Mais si l'âme faiblit, si l'énergie lui manque pour secouer les influences
morbides, si elle s'abandonne à l'ignorance, à la vie facile, à la servitude
morale, c'en est fait : les meilleures institutions libres s'affaissent
d'elles-mêmes et nul moyen révolutionnaire ne réussirait à les maintenir
debout.
Pas
plus la république que la monarchie. Je m'imagine que la charmante république
des Missions du Paraguay, où il faisait
si bon vivre sous la présidence paternelle des jésuites
n'était pas très libérale. Une république, même avec le suffrage universel,
peut se prêter à l'absolutisme et au pire
de tous, l'absolutisme théocratique : tout, dépend
en dernier ressort de l'esprit général qui anime une assemblée, une
classe dirigente, une nation.
Nous
voilà donc ramenés à notre conclusion habituelle : c'est au parti libéral
à se constituer fortement„ à tirer de lui-même ses ressources, à réaliser
partout et sous mille formes son principe de la responsabilité personnelle
et de l'activité libre. C'est par la propagande, par l'association, par
l'application multipliée de ce principe qu'il peut tenir en échec le
principe contraire et faire passer définitivement le pays du demi-jour
du moyen âge, où il se débat encore, à la pleine clarté des temps
modernes où l'attirent de si fortes influences nationales et de si éclatants
exemples contemporains.
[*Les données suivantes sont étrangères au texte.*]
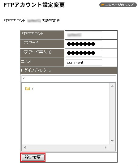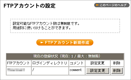 FTP アカウントの設定変更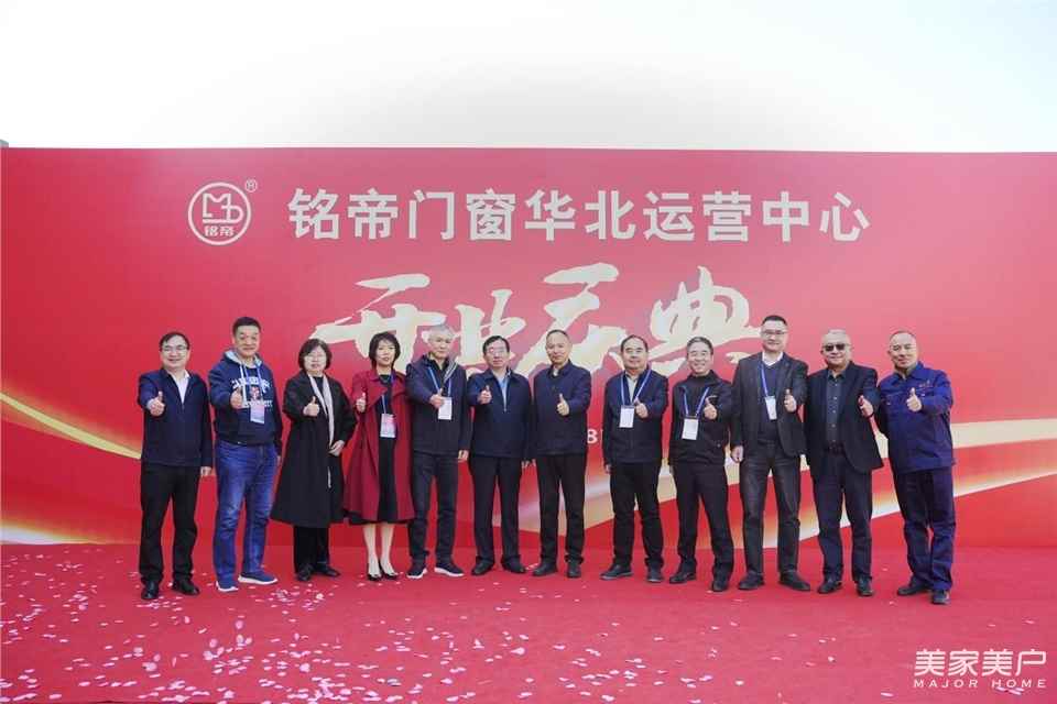 全联房地产商会常务副监事长、中国建筑节能协会候任副会长孟繁军,全联房地产商会节能门窗分会监事长、中国建筑节能协会系统门窗分会副主任、亚萨合莱国强(山东)五金科技有限公司董事、总经理李敬芳,系统门窗专家委员会执行主任、中国建筑节能协会系统门窗分会专家智库组长、泰诺风保泰(苏州)隔热材料有限公司总工程师刘军,全联房地产商会节能门窗分会副会长、中国建筑节能协会系统门窗分会副主任委员、铭帝集团有限公司总经理邓春平,铭帝门窗华北运营中心总经理杨启堂,铭帝门窗华北运营中心技术总监刘紫锋共同启动“铭帝门窗华北运营中心开业庆典”仪式。

Le jour où les libéraux verront clairement leur
route et où ils voudront marcher, la France les suivra : car toutes les
forces de la civilisation présente conspirent pour eux. Mais comment se
livrerait-elle sans inquiétude à des guides qui ne savent pas bien où
ils vont, qui hésitent à chaque tournant de la route, qui ne s'orientent
pas au milieu des grandes questions politiques, religieuses, sociales du
temps présent, qui sont toujours prêts, au lieu de parler et d'agir,
à implorer le secours du clergé administratif, à défaut du clergé
spirituel.
F.
Pécaut (Extrait des Etudes au jour le jour sur l'Education Nationale,
1879).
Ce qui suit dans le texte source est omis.